Il denaro che gli avrebbe permesso una vita meno dura

Nella casella postale richiesta da Umberto Diaco presso il Servizio di accoglienza milanese della Caritas – dove si è fatto recapitare la posta per anni - sono state trovate le lettere da parte della banca Intesa San Paolo e Unicredit in merito a oltre 100mila euro depositati, circa 19mila euro di titoli azionari intestati e una pensione mensile di 750 euro proveniente dalla Germania.

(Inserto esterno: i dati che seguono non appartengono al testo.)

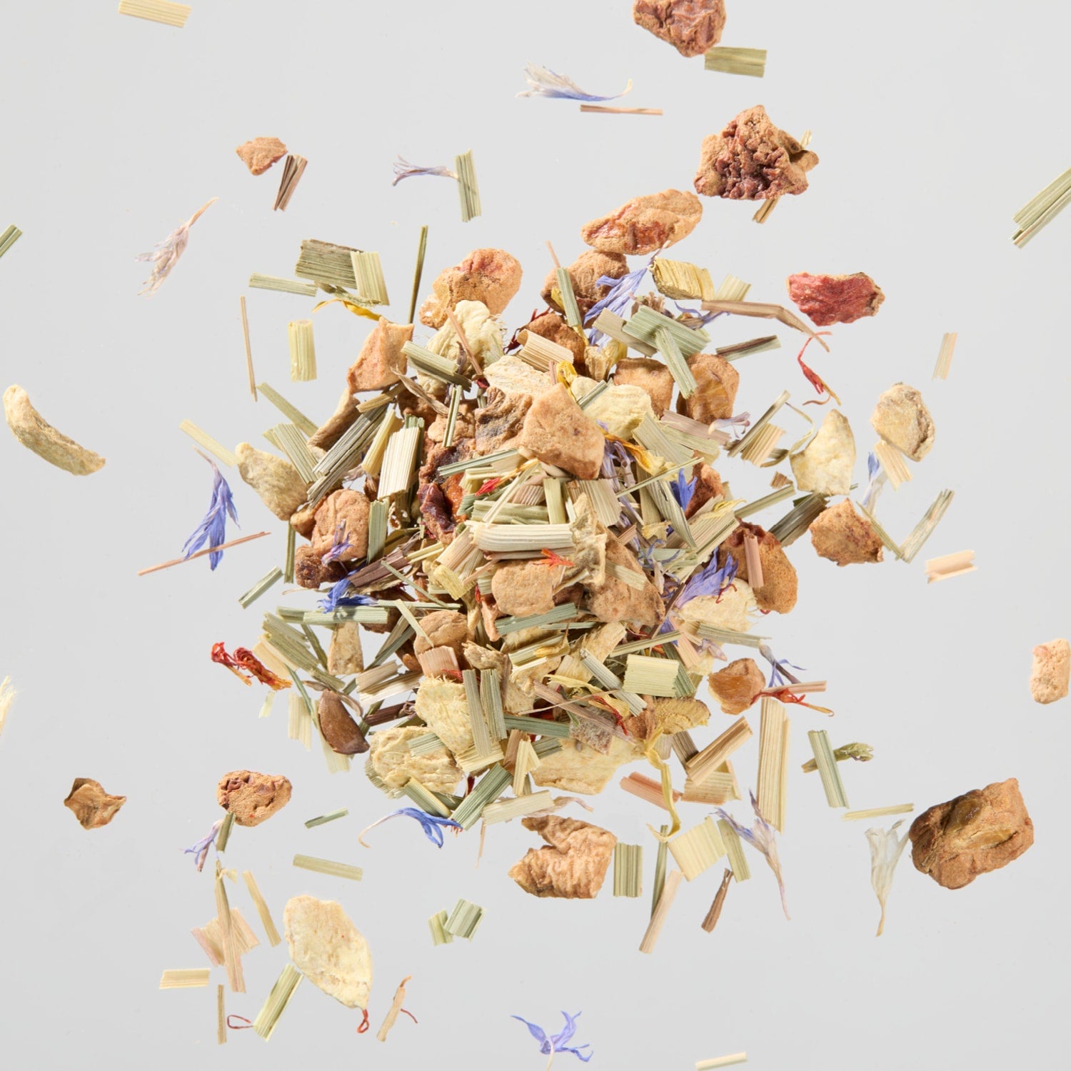 Zutaten: GINGER*, APPLE PIECES*, LEMONGRASS*, LICORICE*, MARIGOLD PETALS*, CORNFLOWER PETALS*, SAFLOWER PETALS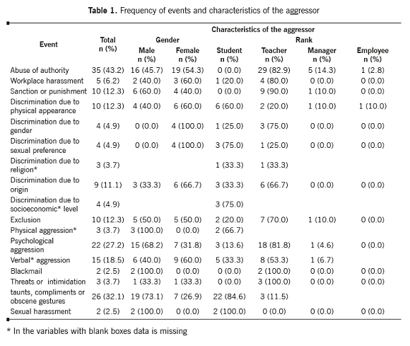 A total of 70.4% of the students reported having experienced at least one of the events investigated during their university stage. Table 1 presents the frequencies found for each event, as well as sex and rank of the aggressor. It can be seen that the most frequently reported events were abuse of authority (43.2%), taunts, compliments or gestures (32.1%), psychological aggression (27.2%), and verbal aggression (18.5%). In most of the events, the frequency of the female sex offender is higher; however, the male sex was predominant in sanction or punishment (60%), physical aggression (100%), blackmail (100%), taunts, compliments or obscene gestures (73.1%), and sexual harassment (100%). In most events, professors had the role of aggressors and, with higher frequencies than other ranks in abuse of authority (82.9%), workplace harassment (80%), sanction or punishment (90%), discrimination due to gender (75%), origin-based discrimination (66.7%), exclusion (70%), psychological aggression (81.8%), verbal aggression (53.3%), blackmail (10.00%), and threats or intimidation (100%). This study did not register any cases of rape.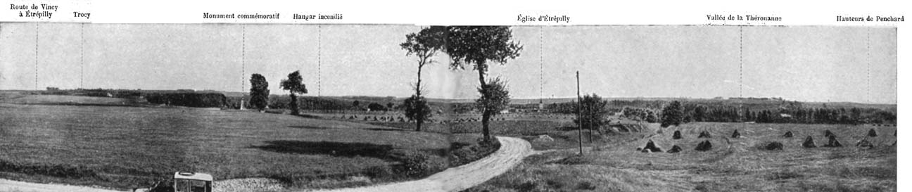Pour se rendre au point d'où est prise la vue ci-dessous, prendre le chemin de terre qui s'embranche sur la route de Vincy à Étrépilly, entre le monument commémoratif el le hangar incendié. C'est ce chemin qu'on voit traverser le panorama, au centre. Le touriste se trouve à l'extrémité sud de la position Vincy-Étrépilly, sur l'emplacement d'une batterie allemande qui fut fortement éprouvée par les 75 français. A l'arrière-plan, ou aperçoit le plateau de Trocy, séparé de la route par une dépression au fond de laquelle coule un affluent de la Thérouanne. Sur ce plateau de Trocy où la suite de l'itinéraire conduira le lecteur, les Allemands avaient installé une artillerie puissante composée de batteries lourdes et légères qui balayaient tout le champ de bataille depuis la ferme de Nogeon jusqu'à Barcy, en passant par Puisieux et Marcilly. Au delà de la vallée de la Thérouanne s'étend, au sud d'Étrépilly, la position dont les détails apparaissent dans le panorama "B" (p. 94). La vue s'étend jusqu'aux hauteurs boisées de Penchard qui s'estompent à l'horizon.

Gli antefatti e i misteri che resteranno celati

Diaco era nato a Paludi il 5 maggio del 1945, da giovane aveva lasciato casa avventurandosi nel mondo e tagliando ogni legame col passato.
Nell'intervista rilasciata dalla sorella al Corriere della Sera, si scopre che l'uomo è stato cercato a più riprese dalla famiglia d'origine che si è rivolta anche al giudice di Pace. Chiarina fornisce le date delle sentenze e informazioni sui tentativi fatti per rintracciarlo: "Siamo solo riusciti a scoprire che era finito in Germania dove lavorava come gruista nei cantieri. Prima, forse, era stato in Svizzera", diversi anni dopo la sorella era riuscita a sapere che frequentava la Caritas di Milano.

La Caritas

Tramite l'organismo pastorale della Cei, Chiarina aveva provato a parlare col fratello, ma lui aveva risposto di non cercarlo più. La sorella infine dice: "Ha sofferto i dolori di una vita d'inferno. Chiedo al buon Dio di accoglierlo in paradiso, sono sicura che lì c'è un posto per lui."
Un operatore della Caritas che lo ha conosciuto si è detto dispiaciuto per la morte di Umberto. Di lui racconta che non si lasciava aiutare e che aveva un grave disturbo psicologico. Non chiedeva mai soldi e non accettava cibo. 

Il Niguarda

Una settimana fa accanto al corpo di Umberto, tra i pochi effetti personali, sono stati trovati alcuni abiti malridotti, una busta con circa 1300 euro, dei rendiconti bancari e il referto di una visita al Pronto Soccorso del Niguarda, risalente a qualche giorno prima.